自動車業界で、電子データ取引の改ざんを防ぐ技術「ブロックチェーン(分散型台帳)」の活用機運が高まっている。トヨタ自動車は、ブロックチェーン技術を活用したデータ保全プラットフォームを2023年3月以降に有償提供する。電動化や自動運転などへの対応で他社との協業が広がる中、技術情報の証拠力を高めて知財係争訴訟への対応力強化につなげる。クルマが持つ膨大な情報を相互利用するためには、データの非改ざん性が重要となる。電動車のサプライチェーンにおける環境測定や中古車売買情報など、自動車業界でもデータを保全するためにブロックチェーンの活用を模索する動きが広がっている。
トヨタのデータ保全プラットフォーム「プルーフ・チェーン・オブ・エビデンス(PCE)」は、マイクロソフトが提供するクラウド基盤「マイクロソフト・アジュール」上に構築する。

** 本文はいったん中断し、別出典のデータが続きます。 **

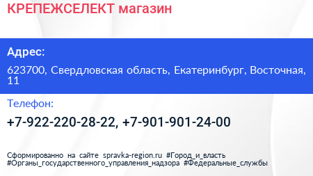 КРЕПЕЖСЕЛЕКТ, магазин по адресу 623700, Свердловская область, Екатеринбург, Восточная, 11 в дальнейшем Организация, размещена в следующих категориях:
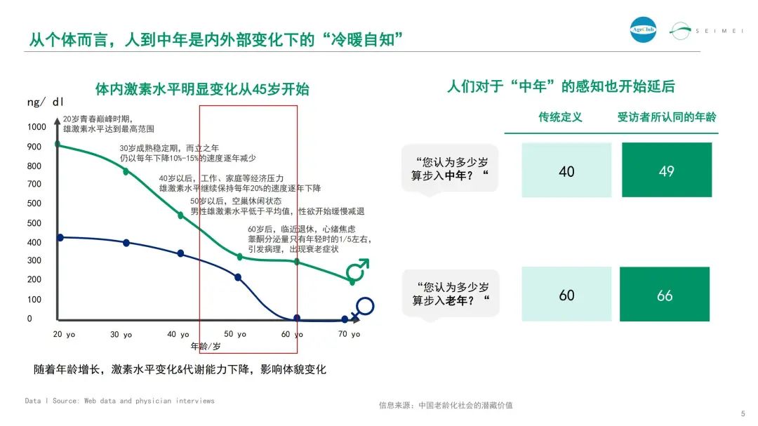 从个体而言,人到中年是内外部变化下的“冷暖自知”,随着年龄增长,激素水平变化和代谢能力下降,影响体貌变化。
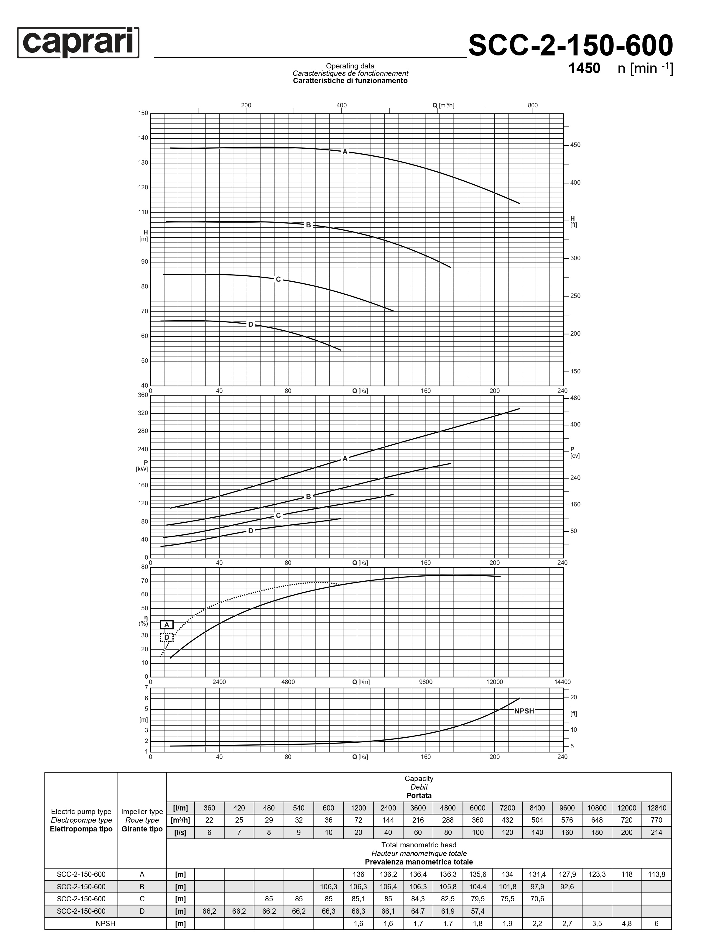 Горизонтальные насосы двустороннего входа Caprari SCC-2-150-600 1450
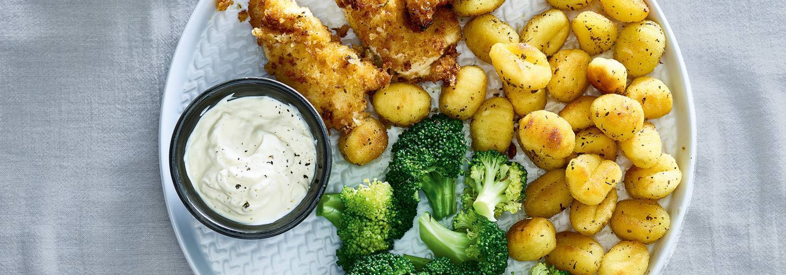 Poulet à la mayonnaise, gnocchi, brocoli et panko.
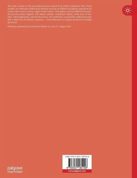 This book is based on the postmedieval journal special issue Critical Confessions Now. These chapters on confessions exhibit great diversity and take up different disciplinary approaches by scholars who stand at various stages of their careers. They address not only different time periods but also various linguistic and cultural contexts. Contributors deploy a wide array of methods, critical approaches, and narrative voices, and contributors assumed the confessional voice with a whole host of affective responses - from enthusiasm to cautious hesitation to outright discomfort. Previously published in postmedieval Volume 11, issue 2-3, August 2020.…mehr
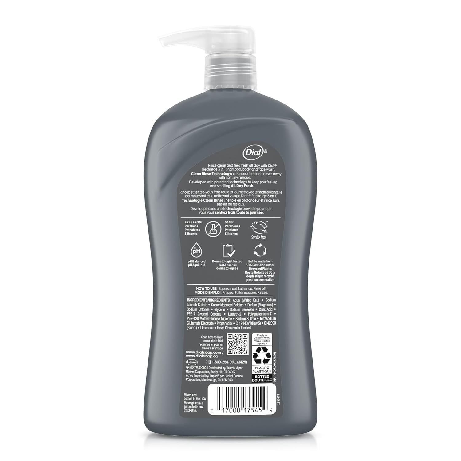 About this item BODY, HAIR & FACE WASH (3-in-1): Experience the convenience of shampoo, body wash, and face cleanser in one handy bottle, engineered for an all-in-one solution. 32 Fl Oz bottle. ALL DAY FRESH: With a rich lather that rinses clean and leaves skin feeling fresh. All day fresh & healthy skin. Dial Men Recharge features a cedar leaf scent. CLEAN RINSE TECHNOLOGY: Formulated with Clean Rinse Technology, cleanses deep and rinses away with no filmy residue. The fresh scent stays with you even after you rinse off. Dermatologist tested and approved as cruelty free under the Leaping Bunny Program. FREE FROM: Made without parabens, phthalates, and silicones. Features a 100% recycled plastic bottle (excludes cap). As one of the founding American personal cleansing brands, Dial introduced the first ever antibacterial liquid hand soap in 1948. Today, the Dial brand continues to innovate with formulations across body wash, bar and hand soap to help you, and your family, dial up your clean. › See more product details,BODY, HAIR & FACE WASH (3-in-1): Experience the convenience of shampoo, body wash, and face cleanser in one handy bottle, engineered for an all-in-one solution. 32 Fl Oz bottle,ALL DAY FRESH: With a rich lather that rinses clean and leaves skin feeling fresh. All day fresh & healthy skin. Dial Men Recharge features a cedar leaf scent,CLEAN RINSE TECHNOLOGY: Formulated with Clean Rinse Technology, cleanses deep and rinses away with no filmy residue. The fresh scent stays with you even after you rinse off. Dermatologist tested and approved as cruelty free under the Leaping Bunny Program,FREE FROM: Made without parabens, phthalates, and silicones. Features a 100% recycled plastic bottle (excludes cap),As one of the founding American personal cleansing brands, Dial introduced the first ever antibacterial liquid hand soap in 1948. Today, the Dial brand continues to innovate with formulations across body wash, bar and hand soap to help you, and your family, dial up your clean
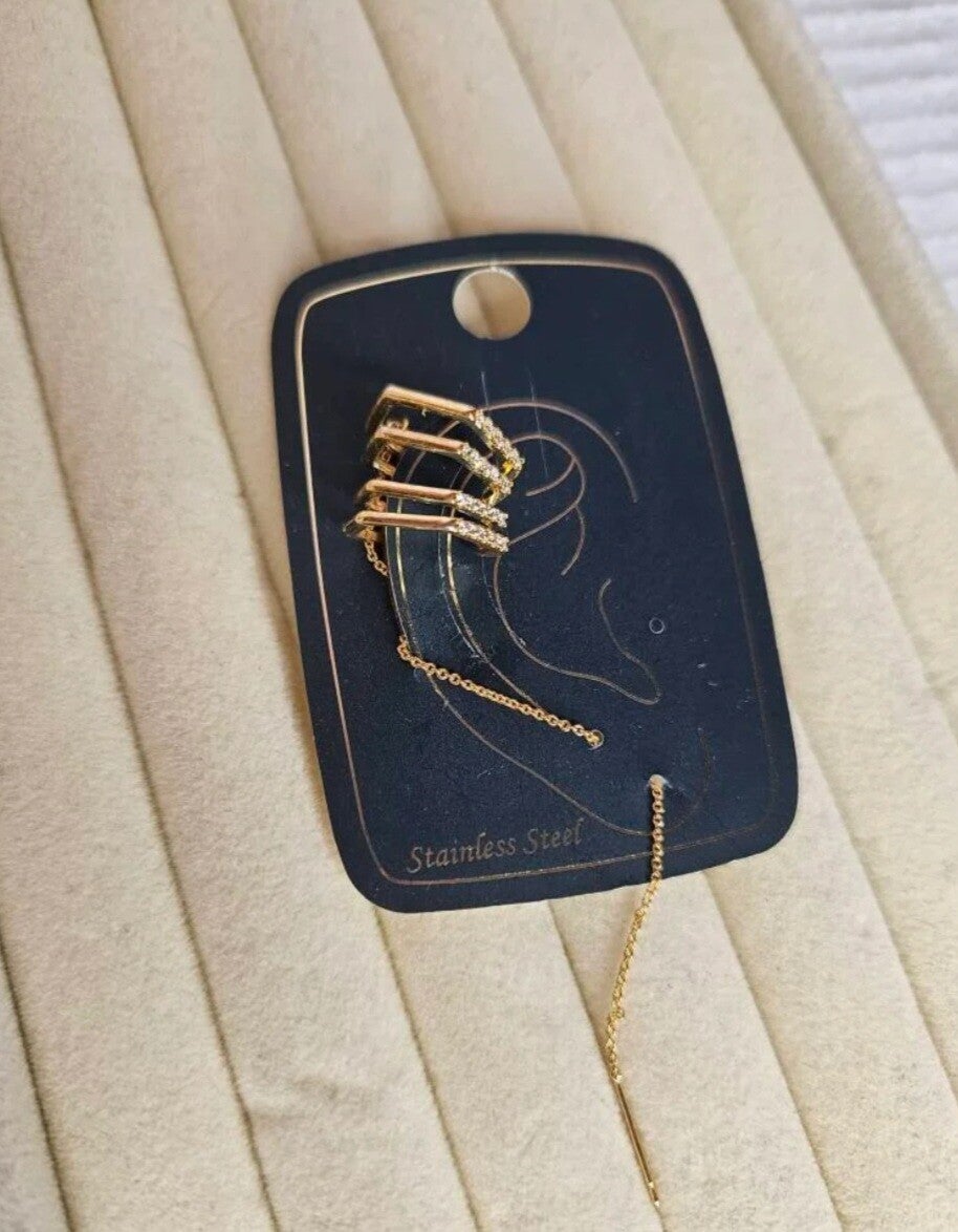 ✨️ Élégantes et originales, ces ear cuffs se fixent en haut de l’oreille et se relient par une fine chaîne à un seul perçage. En acier inoxydable, elles apportent une touche chic et moderne à votre look.✨️

自社が持つ技術情報などの電子データを、ブロックチェーンを活用した保全プラットフォームに記録し、データのオリジナル性を担保する。他社との協業における保有知財の証明や、発明を秘匿する場合に他社が特許を取得した際の使用権維持などの問題が発生した場合にPCEによる解決が図れる。

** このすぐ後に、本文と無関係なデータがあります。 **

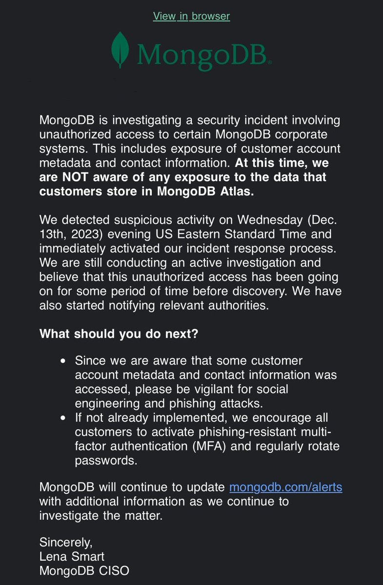 “MongoDB is actively investigating a security incident involving unauthorized access to certain MongoDB corporate systems, which includes exposure of customer account metadata and contact information. We detected suspicious activity on Wednesday (Dec. 13th, 2023) evening US Eastern Standard Time, immediately activated our incident response process, and believe that this unauthorized access has been going on for some period of time before discovery.” reads the alert published by the company.” At this time, we are not aware of any exposure to the data that customers store in MongoDB Atlas.”
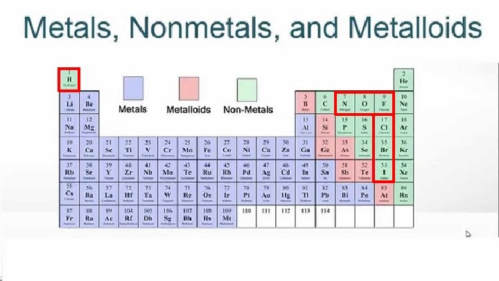 Memorize These!!! ● Elements that exist as diatomic molecules Br I N Bromine (Br 2) Iodine (I 2) Nitrogen (N 2) Chlorine (Cl 2) Cl H O F Hydrogen (H 2) Oxygen (O 2) Fluorine (F 2)
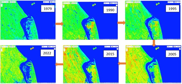 Diễn biến cửa sông Cửa Hội giai đoạn 1979-2022 qua ảnh vệ tinh.
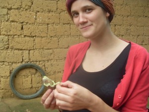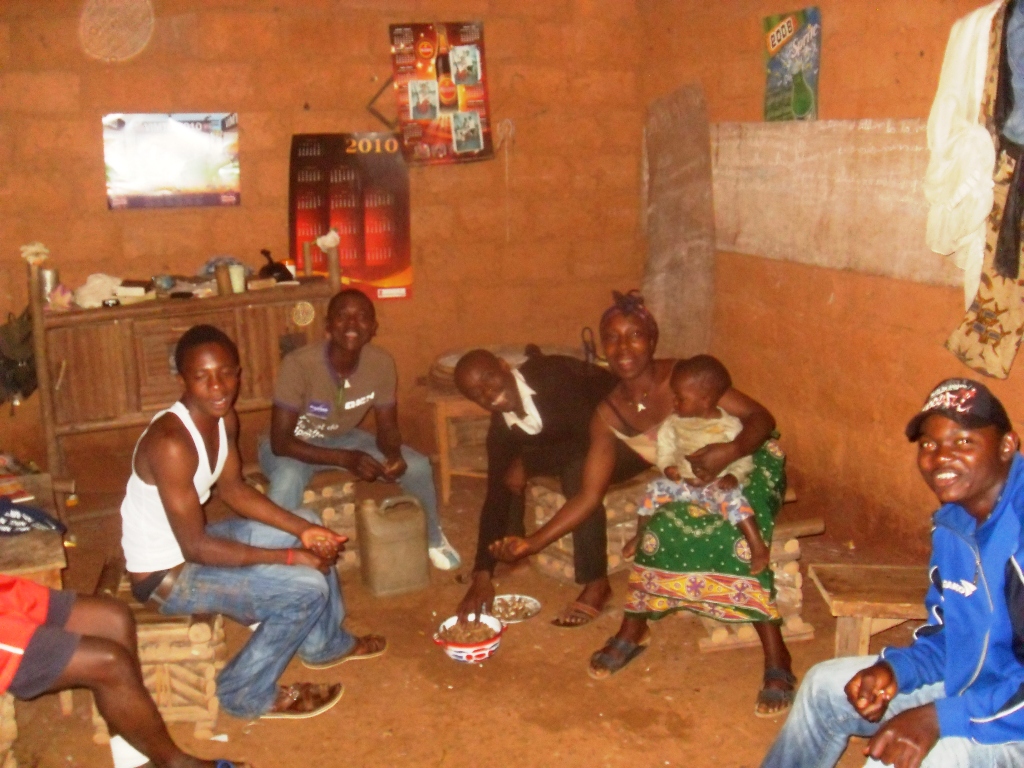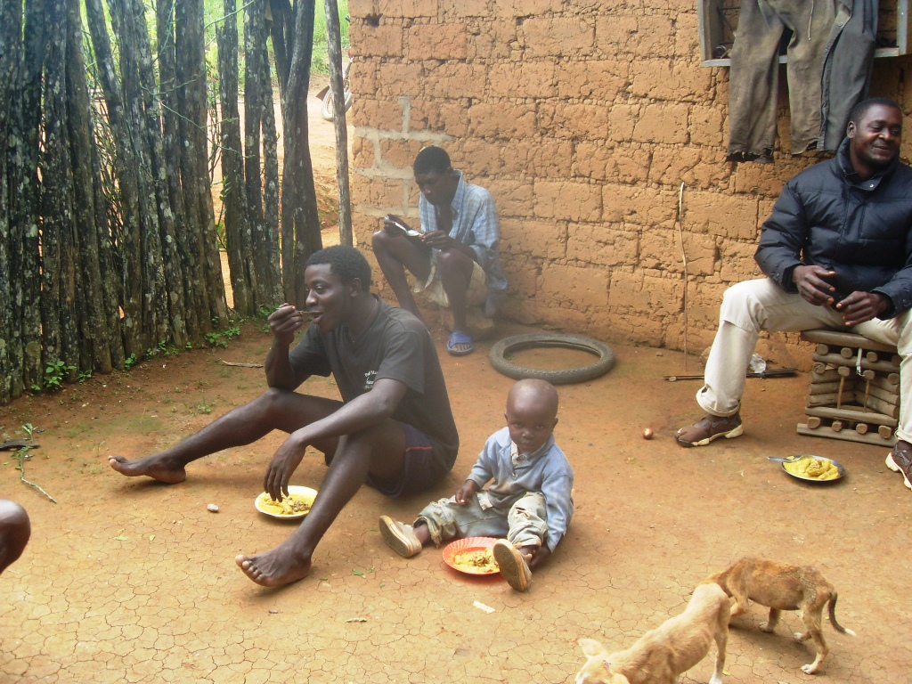 Auto einen wahnsinnigen Umweg fahren müssen. Die Lösung? Mit einem großen Reiserucksack ein Motorrad nehmen, das auf einem Trampelpfad immer zwischen und an den Gleisen entlang bis nach Koumba fährt. Die Zwischenfrage meines Motorradfahrers, ob ich mir Sorgen mache, weil doch ein Zug kommen könnte, konnte mir dann auch nichts mehr anhaben. So kam ich nach einem gesamten Tag Zugfahrt schließlich erschöpft und vor allem verstaubt in Koumba an. Nach einem Tag viel Sonne, viel Staub und viele Mücken ging die Fahrt dann schließlich weiter nach Bafoussam, der Hauptstadt der Westprovinz. Dort kannte ich mich inzwischen aus, wollte auch nur eine Nacht Zwischenstation machen, bevor es am nächsten Morgen weiter nach Bangangté ging, eine Stunde südlich von Bafoussam. Dort wollte ich mich mit einem Freund treffen, mit dem ich zusammen in sein Dorf Bazou fahren und dort ein bisschen Abstand von jeder Großstadt finden wollte. Ich hatte also das Glück als vermeintliche Ehefrau in das Dorf einzureisen, was mir sofort jedes Tor und Tür öffnete. Der Empfang war unendlich herzlich und ich sollte in den zwei folgenden Tagen diese Leute unheimlich schätzen lernen. Wir übernachteten die Tage im Haus des Onkels – ein reiner Männerhaushalt. Ein reines Abenteuer. Ohne fließend Wasser, Wasser wurde im 5km weit entfernten Fluss geholt. Nur dass Männer offensichtlich weniger Bedarf an Wasser haben. Aber ich passte mich an. Uns wurde eins der beiden Zimmer des Hauses zur Verfügung gestellt, die anderen fünf Personen des Haushalts zwängten sich auf die andere Matratze.

開発したシステムは現在、トヨタ社内でPoC(概念実証)を行っており、9月からは社内実装と社外にPoC先の開拓を行う。来年3月にはSaaS(サービスとしてのソフトウエア)を開発して商品化する計画だ。
ブロックチェーンは暗号資産の基盤技術として発明されたものだが、クルマが持つ膨大な情報を共有化する上で同技術を活用しようとする動きは広がっている。ホンダやマツダなどは、ブロックチェーン技術を活用した二酸化炭素(CO2)排出量測定などの標準化に取り組む非営利団体「モビリティ・オープン・ブロックチェーン・イニシアチブ(MOBI)」に参画し、カーボンニュートラル技術の開発に生かす。
流通過程で車両情報が改ざんされる恐れがある中古車業界でもブロックチェーンの活用が注目されている。一部の中古車査定会社や個人間売買サービス事業者などでブロックチェーンの導入に向けた動きも出てきている。